Notations.
Let $\xi=(\xi_1,\xi_2,\xi_3,\xi_4)\in\mathbb( R\setminus\mathbb Q)^4$ such that $\xi_1\xi_4-\xi_2\xi_3\ne 0$ and the $\xi_i$ are linearly independent over $\mathbb Q$.
I have the following linear form:
$$\begin{matrix}L\colon & \mathbb R^6 & \to & \mathbb R \\ &(\eta_1,\ldots,\eta_6) & \mapsto & \eta_1(\xi_1\xi_4-\xi_2\xi_3)-\eta_2\xi_4+\eta_3\xi_3-\eta_4\xi_2+\eta_5\xi_1-\eta_6.\end{matrix}$$
We consider the norm $\Vert\cdot\Vert$ to be the euclidean norm on $\mathbb R^6$.
The problem.
I am interesting in finding a constant $\gamma>0$, such that if we choose $\xi$ properly, then the resulting linear form $L_\xi$ will verify:
$$\forall \eta\in\mathbb Z^6\setminus\{0\},\quad L_\xi(\eta)\geqslant \frac c{\Vert\eta\Vert^\gamma}\gcd(\eta_1,\ldots,\eta_6),$$
where $c=c_\xi$ is a constant which depends only on $\xi$.
The conjecture.
There are hopes for this to be true, since if we choose $\xi$ properly (for instance badly approximated by rationals), then for $\eta\in\mathbb Z^6\setminus\{0\}$, $L_\xi(\eta)$ will have troubles being too small.
I believe that the constant $\gamma=2$ would work for a fine choice of $\xi$.
Additional remarks.
This is a part of a longer proof, and if this results happens to be true, it would help me a great deal in that other proof. Unfortunately, I don't have any clue on how to start to attack this problem, so any leads would be much appreciated.
I do believe that $\gamma=2$ would work (and it would be the best), but any proof that would work for a $\gamma<4$ would be great.

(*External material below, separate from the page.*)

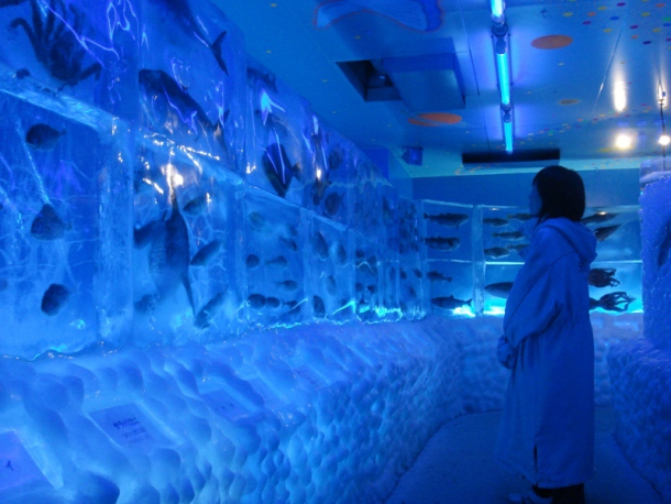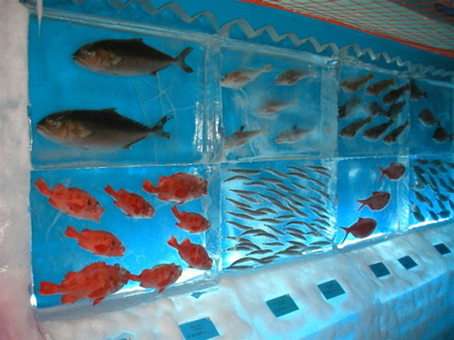 To «Kori de no Suizokukan» (Παγωμένο ενυδρείο) στην Kesennuma της Ιαπωνίας περιέχει περίπου 50 κολώνες πάγου με χταπόδια, καβούρια, σολομούς και άλλα θαλάσσια είδη.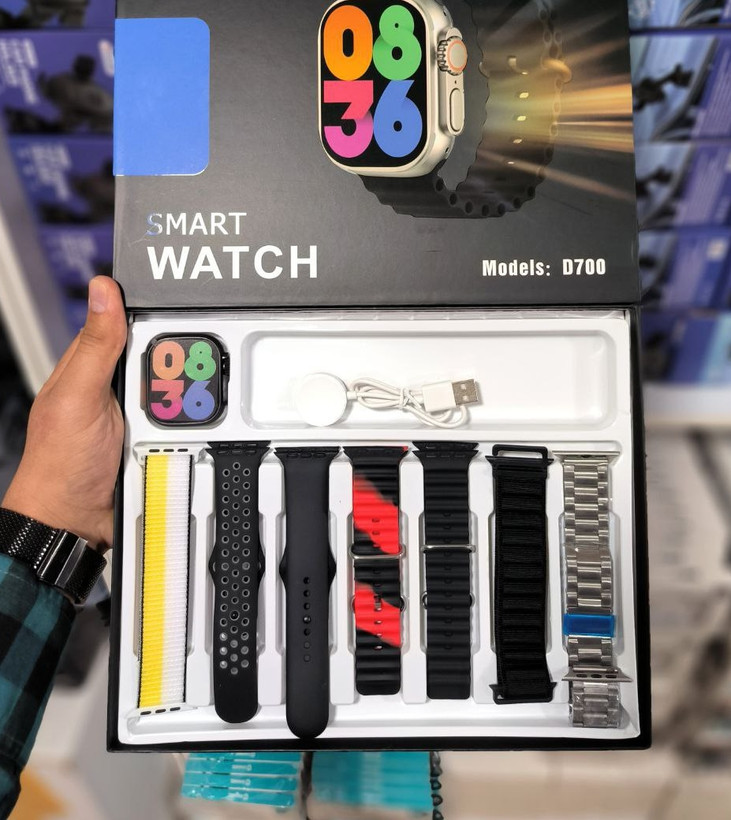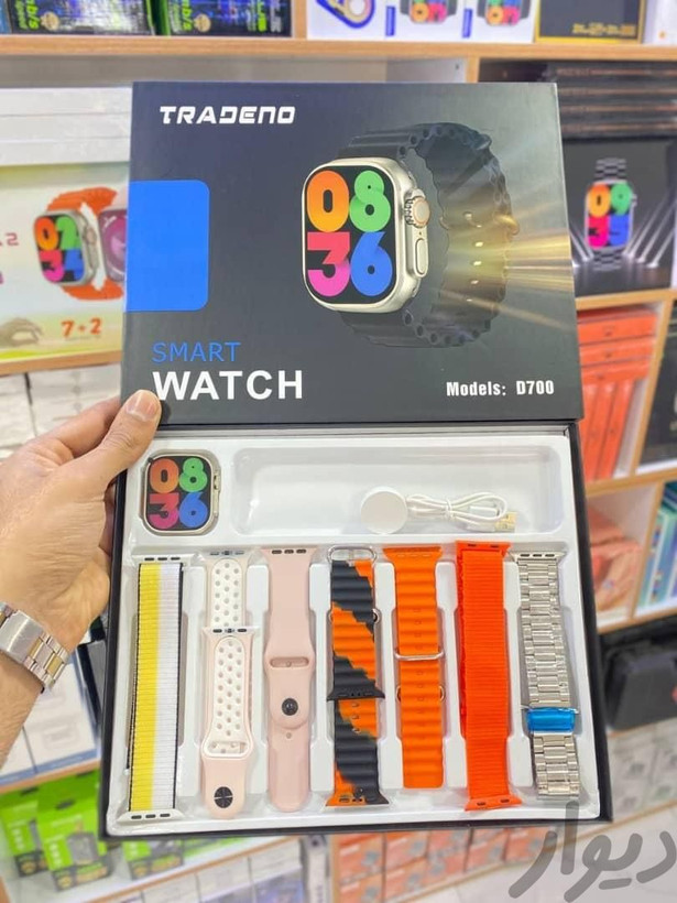 مشخصات: ساعت هوشمند برند TRADENO مدل D700 دارای۶بند سیلیکونی 1 بند فلزی/صفحه نمایش: 49 میلیمتری/صفحه نمایش: 1.9 اینچی/صفحه نمایش: Amoled /امکان کنترل تماس ها و برقراری تماس از طریق بلوتوث/دارای سنسورهای سلامتی گام شمار، ضربان قلب ، فشار خون /

I think this is a direct application of a Theorem of Kleinbock and Margulis https://arxiv.org/pdf/math/9810036.pdf
Let me give a little more detail. Let $f$ be the following map from $\mathbb{R}^4 \to \mathbb{R}^5$ $$f(\xi_1,\xi_2,\xi_3,\xi_4)=(\xi_1\xi_4-\xi_2\xi_3,-\xi_4,\xi_3,-\xi_2,\xi_1).$$ It is not hard to check that partial derivatives $(\partial f/\partial \xi_i)_{1\leq i\leq 4}$ together with $\partial^2 f/\partial \xi_1\partial\xi_4$ span $\mathbb{R}^5$, so the image of $f$ is is a nondegenerate manifold in the sense of this article. By Theorem A of the aforementionned paper, for almost every $\xi=(\xi_1,..,\xi_4)$, $f(\xi)$ is not very well approximable, meaning that for all $\epsilon>0$, there exist only finitely many integer vectors $q \in \mathbb{Z}^5$ such that there exist a $p\in \mathbb{Z}$ such that $$|\langle q, f(\xi) \rangle + p|. \|q\|^{5(1+\epsilon)} \leq 1.$$ Taking the infimum over this finite set of $q$ tells us that there exist a constant $c_\epsilon>0$ such that for all $q \in \mathbb{Z}^5$ and $p\in \mathbb{Z}$, $$|\langle q, f(\xi) \rangle + p|. \|q\|^{5(1+\epsilon)} \geq c_\epsilon.$$ Since $\langle q, f(\xi) \rangle + p=L_\xi(q_1,...,q_5,p)$, this gives you the kind of estimate needed.